*Information*:
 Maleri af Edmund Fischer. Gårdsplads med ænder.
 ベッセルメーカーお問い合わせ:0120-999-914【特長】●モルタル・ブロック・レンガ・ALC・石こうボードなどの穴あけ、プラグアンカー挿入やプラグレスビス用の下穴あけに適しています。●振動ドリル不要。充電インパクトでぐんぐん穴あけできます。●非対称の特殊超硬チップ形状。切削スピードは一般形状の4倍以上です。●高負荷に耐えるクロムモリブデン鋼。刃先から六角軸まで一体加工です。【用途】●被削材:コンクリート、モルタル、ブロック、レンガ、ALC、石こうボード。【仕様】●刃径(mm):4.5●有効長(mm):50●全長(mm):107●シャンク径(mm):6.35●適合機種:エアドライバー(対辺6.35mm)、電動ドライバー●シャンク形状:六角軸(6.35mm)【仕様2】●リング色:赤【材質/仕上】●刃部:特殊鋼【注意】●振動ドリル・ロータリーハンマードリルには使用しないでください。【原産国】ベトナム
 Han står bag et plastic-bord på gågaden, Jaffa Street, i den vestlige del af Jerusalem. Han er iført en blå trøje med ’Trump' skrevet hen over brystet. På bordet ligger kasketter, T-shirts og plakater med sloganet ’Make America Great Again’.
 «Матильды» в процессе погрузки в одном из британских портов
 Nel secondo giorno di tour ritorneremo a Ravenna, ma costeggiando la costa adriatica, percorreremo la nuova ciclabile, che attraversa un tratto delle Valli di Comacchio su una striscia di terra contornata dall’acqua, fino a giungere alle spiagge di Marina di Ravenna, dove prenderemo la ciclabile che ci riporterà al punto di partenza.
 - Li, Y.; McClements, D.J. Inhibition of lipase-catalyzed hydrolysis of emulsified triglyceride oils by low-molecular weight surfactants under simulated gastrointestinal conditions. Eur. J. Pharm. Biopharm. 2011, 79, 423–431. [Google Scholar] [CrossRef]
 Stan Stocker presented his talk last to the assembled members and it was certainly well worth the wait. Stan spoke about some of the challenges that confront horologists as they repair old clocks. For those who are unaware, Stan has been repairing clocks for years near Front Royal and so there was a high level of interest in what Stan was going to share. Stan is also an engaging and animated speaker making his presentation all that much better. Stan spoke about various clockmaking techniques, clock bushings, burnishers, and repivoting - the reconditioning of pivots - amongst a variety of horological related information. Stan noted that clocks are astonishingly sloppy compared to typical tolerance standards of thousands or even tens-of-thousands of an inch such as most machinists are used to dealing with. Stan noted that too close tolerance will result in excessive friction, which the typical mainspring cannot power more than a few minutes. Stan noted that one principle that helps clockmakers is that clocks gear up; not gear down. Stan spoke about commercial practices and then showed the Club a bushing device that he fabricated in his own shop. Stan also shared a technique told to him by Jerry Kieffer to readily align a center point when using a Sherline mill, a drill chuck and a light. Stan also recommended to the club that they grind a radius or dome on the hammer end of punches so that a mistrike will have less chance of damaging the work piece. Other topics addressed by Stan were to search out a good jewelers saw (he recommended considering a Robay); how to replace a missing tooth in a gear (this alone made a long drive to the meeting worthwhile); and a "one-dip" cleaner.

--

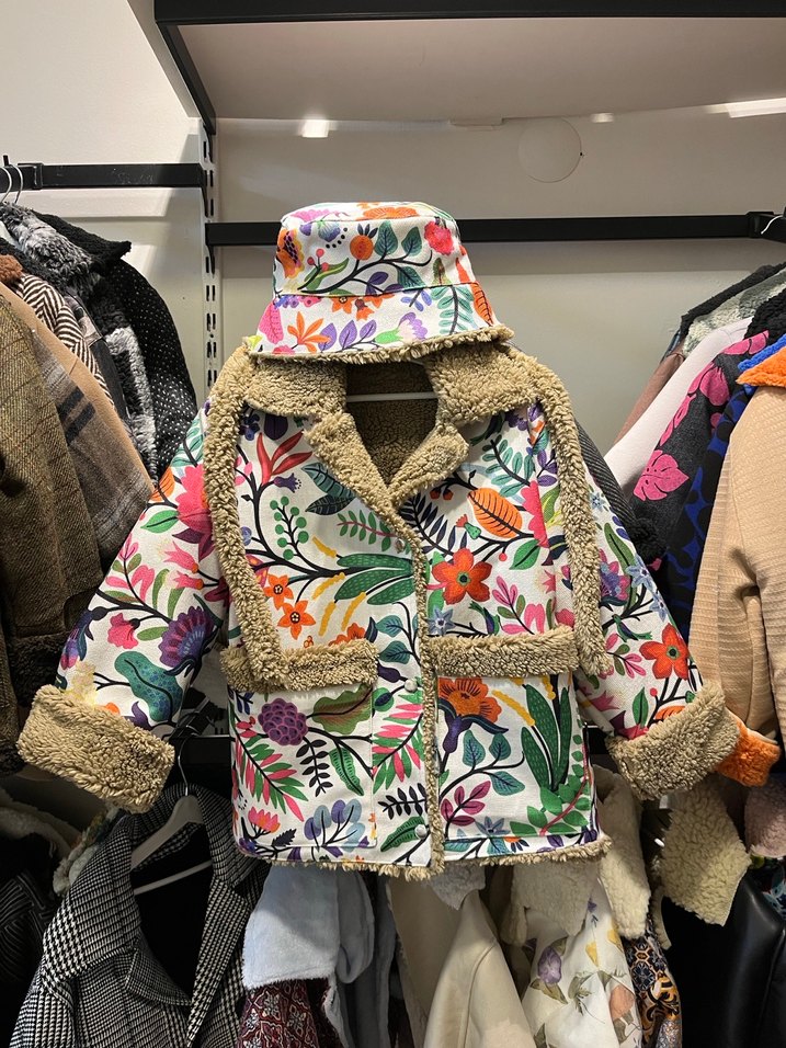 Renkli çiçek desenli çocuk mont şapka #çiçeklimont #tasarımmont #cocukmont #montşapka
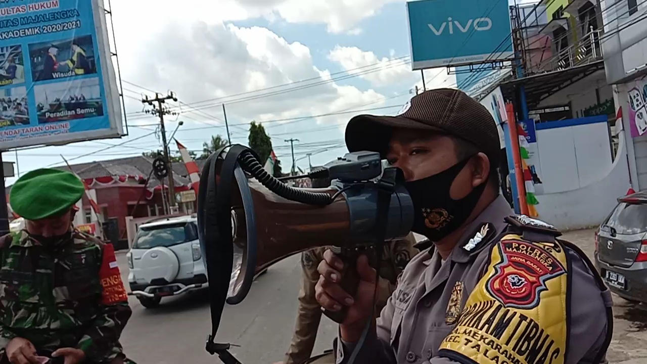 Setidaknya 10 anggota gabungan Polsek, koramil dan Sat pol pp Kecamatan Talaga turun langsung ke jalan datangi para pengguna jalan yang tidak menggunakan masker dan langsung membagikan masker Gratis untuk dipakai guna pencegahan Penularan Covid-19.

*Exercise*: Copy out, word for word, the part of the entries above that begins at the line with "ベッセルメーカーお問い合わせ" and ends at the line with "- Li, Y.; McClements, D.J.", including both.

*Answer space*:
 ベッセルメーカーお問い合わせ:0120-999-914【特長】●モルタル・ブロック・レンガ・ALC・石こうボードなどの穴あけ、プラグアンカー挿入やプラグレスビス用の下穴あけに適しています。●振動ドリル不要。充電インパクトでぐんぐん穴あけできます。●非対称の特殊超硬チップ形状。切削スピードは一般形状の4倍以上です。●高負荷に耐えるクロムモリブデン鋼。刃先から六角軸まで一体加工です。【用途】●被削材:コンクリート、モルタル、ブロック、レンガ、ALC、石こうボード。【仕様】●刃径(mm):4.5●有効長(mm):50●全長(mm):107●シャンク径(mm):6.35●適合機種:エアドライバー(対辺6.35mm)、電動ドライバー●シャンク形状:六角軸(6.35mm)【仕様2】●リング色:赤【材質/仕上】●刃部:特殊鋼【注意】●振動ドリル・ロータリーハンマードリルには使用しないでください。【原産国】ベトナム
 Han står bag et plastic-bord på gågaden, Jaffa Street, i den vestlige del af Jerusalem. Han er iført en blå trøje med ’Trump' skrevet hen over brystet. På bordet ligger kasketter, T-shirts og plakater med sloganet ’Make America Great Again’.
 «Матильды» в процессе погрузки в одном из британских портов
 Nel secondo giorno di tour ritorneremo a Ravenna, ma costeggiando la costa adriatica, percorreremo la nuova ciclabile, che attraversa un tratto delle Valli di Comacchio su una striscia di terra contornata dall’acqua, fino a giungere alle spiagge di Marina di Ravenna, dove prenderemo la ciclabile che ci riporterà al punto di partenza.
 - Li, Y.; McClements, D.J. Inhibition of lipase-catalyzed hydrolysis of emulsified triglyceride oils by low-molecular weight surfactants under simulated gastrointestinal conditions. Eur. J. Pharm. Biopharm. 2011, 79, 423–431. [Google Scholar] [CrossRef]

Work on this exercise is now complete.